I am a firm believer in that the people you surround yourself with have great influence on the life that you lead. So, as you look at these goals and what you want to accomplish, not only this year but in terms of the legacy throughout your life, who are people that you would like to have in your life on a more regular basis. That might be somebody from a mastermind group, it might be a peer, it might be a family member.  Who is really going to help you and encourage you to achieve those goals?

So that’s the Life Plan part. Again, I’d go somewhere quiet and I would probably read through the plan and jot down some notes, and then kind of let it soak for a little while, a couple days or maybe even a week, and then come back and fill it out. I think you’ll be surprised at how much you know the answers to these questions. Even if you’ve never thought about them before, at some level, you do have the answers to these questions in your head and in your heart.

I’m just trying to get you to write them down. Why? Because we all know, and again this is something you preach to your clients, when we write it down and we commit to it in that way, something magical happens and we actually get much further in accomplishing those goals. So I want you to write it down. I want you to commit to it.

Even if you don’t share this with anybody else, even if this is just between you and yourself, I’d love for you to write it down so that it is something you can look back on on a regular basis. If you have an accountability buddy or a mastermind group or something like that, this might be something you share with them and ask them to hold you accountable to it. So anyway, finish that one up first because I think that will also help you when we get to the agency one-page business plan.

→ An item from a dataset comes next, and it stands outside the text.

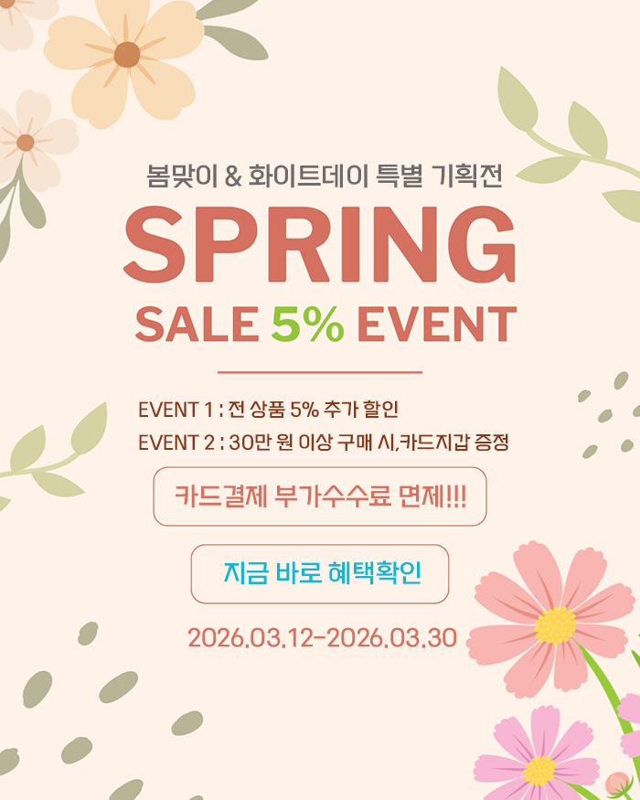 혜택 1. 전 상품 5% 할인 적용! (20만원이상)

When you look at the one-page business plan piece of smart goal planning, which you can either download here or in the show notes, you’re going to see that it wants you first to identify your agency’s positioning line. So again, remind yourself how you differentiate yourself from other agencies. By the way, being a full-service, fully integrated agency is not differentiation. You all say that. So figure out how you position yourself to make you look different and unique and be the right choice for certain clients.

Then it asks you in six areas to identify the number one goal that you would like to accomplish in the coming year. So those areas are a leadership management goal, a staffing goal, an internal systems goal, a financial goal, a new business goal, and an agency marketing goal. In each of those, I want you to identify the number one thing that if you did one thing in each of those areas, what would have the most impact on your business? Again, those should be SMART goals that’s specific, measurable, achievable, realistic, and time-bound.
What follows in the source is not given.